[Matt Lecar][September 27, 2006]In previous columns, I’ve talked about the challenges of utility innovation and the difficulty of guiding a new technology from pilot to implementation.  No technology better demonstrates that tortuous path than advanced metering infrastructure (AMI). 

The good news: recent changes in regulation, combined with declining costs and enhanced features have dramatically improved the AMI business case.  With the recent approval of PG&E’s $2.2B, 9M meter (gas and electric) rollout, the stage is set for the largest AMI deployment in U.S. history.  GlobalSmartEnergy believes the tipping point has arrived.  It is a good time to look back and see how we got here (and why it’s taken so long).

The pain free (and progress free) past
I worked at PG&E in the mid- 90’s through 2000 and participated in the review of what was then called Automated Meter Reading (AMR).  A large, cross-functional committee of “stakeholder” departments (meter reading, meter operations, gas field services, billing, call centers, account services, rates, and new products) would convene every six months to update the business case.  Because meter data are core to almost all customer-facing activities, a change in technology impacts hundreds of internal processes and thousands of employees.

Although the “hard" benefits– primarily avoided manual meter reading costs– were easy to quantify, they only paid back about half the cost.  Meanwhile, the “soft" benefits (remote disconnects, better outage detection, fewer estimated bills, new rates and customer services) generally got little weight. Internal departments would not risk budget cuts to put a dollar value on unproven process improvements; there was no obvious “pain” from business-as-usual. 
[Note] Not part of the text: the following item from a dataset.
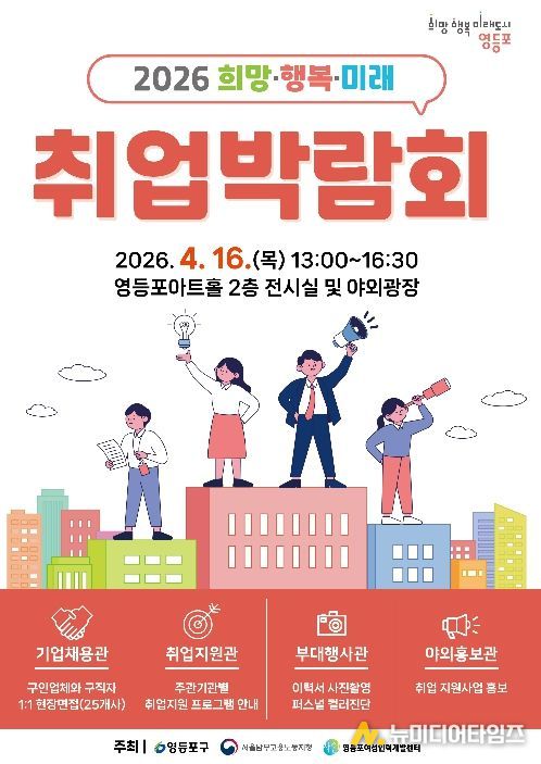 영등포구는 오는 4월 16일 영등포아트홀 2층 전시실 및 야외광장에서 320여 개 일자리를 제공하는 ‘2026 희망·행복·미래 취업박람회’를 개최한다고 밝혔다.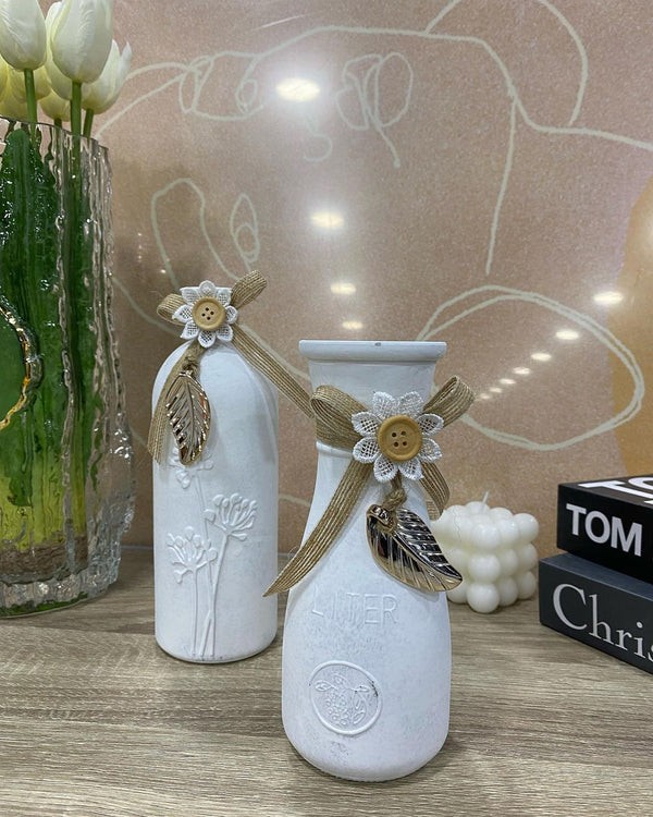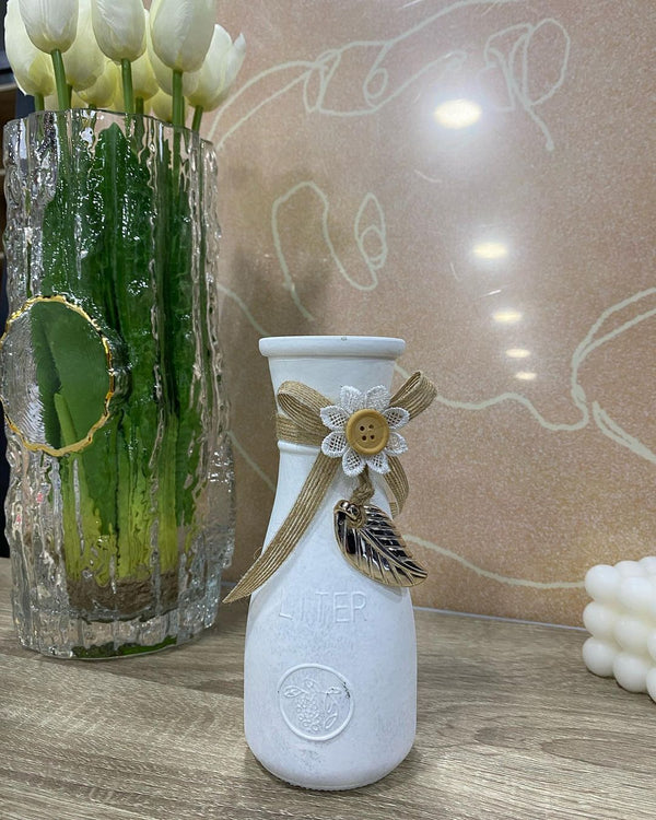 Vazo qeramike e bardhë në formë shtambe me grykë të ngushtë me përmasa baza 10 cm x H23 cm

As a result, AMR went nowhere.

California's energy ailment
What's changed?
  During the 90’s, many utilities deployed advanced metering selectively, with large commercial and industrial customers, load research samples, remote or hard-to-read meters, and, in a few cases, mass market customers.  The “soft” benefits firmed up, as folks learned from real world experience. 

Then, the California energy crisis hit.  By 2003, the dust had settled and a new policy consensus emerged in favor of Time of Use (TOU) pricing and demand response, for which AMI is a necessary platform.  The California PUC ordered the state’s three big utilities to develop detailed plans to implement AMI.  PG&E’s is the first to be reviewed and approved; revised plans are due from SCE and San Diego later this year.

How pain made AMI healthier
I recently presented at Spintelligent’s Smart Metering West Coast conference, where I caught up with Jana Corey, Project Manager for PG&E’s AMI deployment.

In PG&E’s new business case, approximately 90% of the cost of AMI is offset by utility operational savings of $160M  a year (the remaining 10% is expected to come from the reliability benefits of demand response).  And of those “hard” savings, a little over half ($86M) is in meter reading.

So, what’s the rest?  Remote disconnect, quicker outage restoration, reduced estimated billing, lower call center costs related to billing complaints, more efficient system capacity planning and dispatching.  We've finally put hard dollar values on the same soft benefits from the business cases of the 90’s.  As Jana explained, department heads were forced to “sign in blood” that their organizations would achieve the benefits in the plan. 

The lesson for innovators is this: nothing breaks down institutional barriers like real business pain.  When that pain includes a $20B market meltdown, months of rolling blackouts, and a major utility bankruptcy, you may be surprised how quickly an organization can change!